Dew Drop Glass: A short explanation

Dew Drop glass is the Victorian name sometimes used for hobnail glass, which has a regular pattern of raised knobs like the hobnail studs sometimes used on boot soles. It was developed by an artist at Hobbs Brockunier and Co. in West Virginia in 1886, and was made by first pressing the glass into a mold with hobnails all over it, and then hand-blowing and shaping the piece. In that sense it is just a Victorian name for blown, translucent, Hobnail Glass.

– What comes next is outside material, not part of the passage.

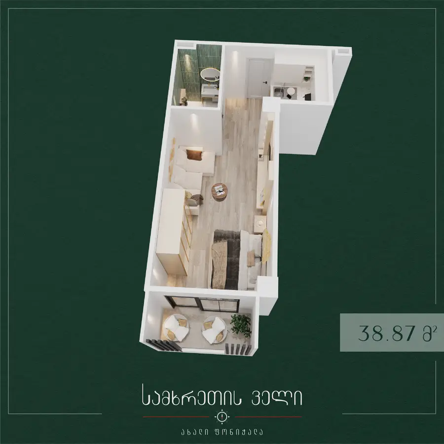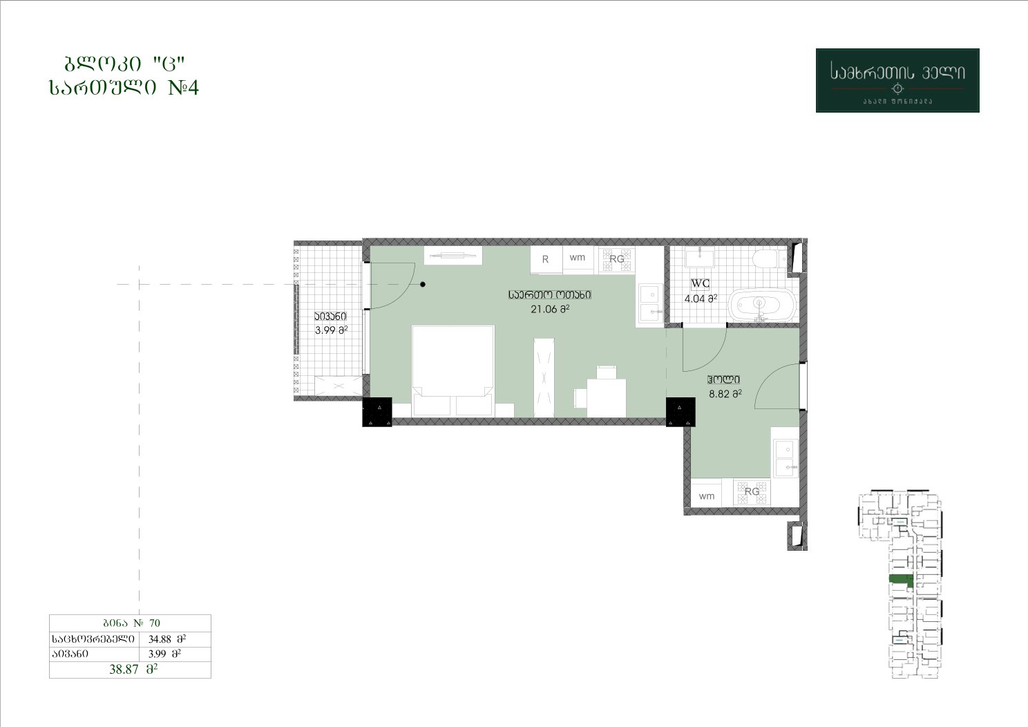 2.მისაღები ოთახი/სტუდიო: 21.06 კვ.მ

Dew Drop and Hobnail glass were very popular during Victorian times, usually in translucent coloured glass. Lemonade sets with a pitcher and matching glasses, sometimes on a matching glass tray were common. Sometimes the tops of the "dew drops" were made opalescent by reheating the surface of heat-sensitive glass near the furnace or "glory hole".

In 1939 Fenton Art Glass first introduced their hobnail glass and in those early years it was in translucent colours. Milk glass hobnail was introduced by Fenton in 1950, and proved to be one of their most successful products. It kept the company going during the very difficult years when many other glassworks closed down.

Just about every Fenton shape has been produced in hobnail milk glass. Pre-1958 Fenton milk glass is said to be easily distinguishable because it is less dense, less opaque, then their milk glass made from 1958 onwards.

The Fenton logo was introduced on milk glass from 1974 onwards, with a tiny number 8 below the word Fenton for pieces made during the 1980's and a tiny 9 for pieces from the nineties.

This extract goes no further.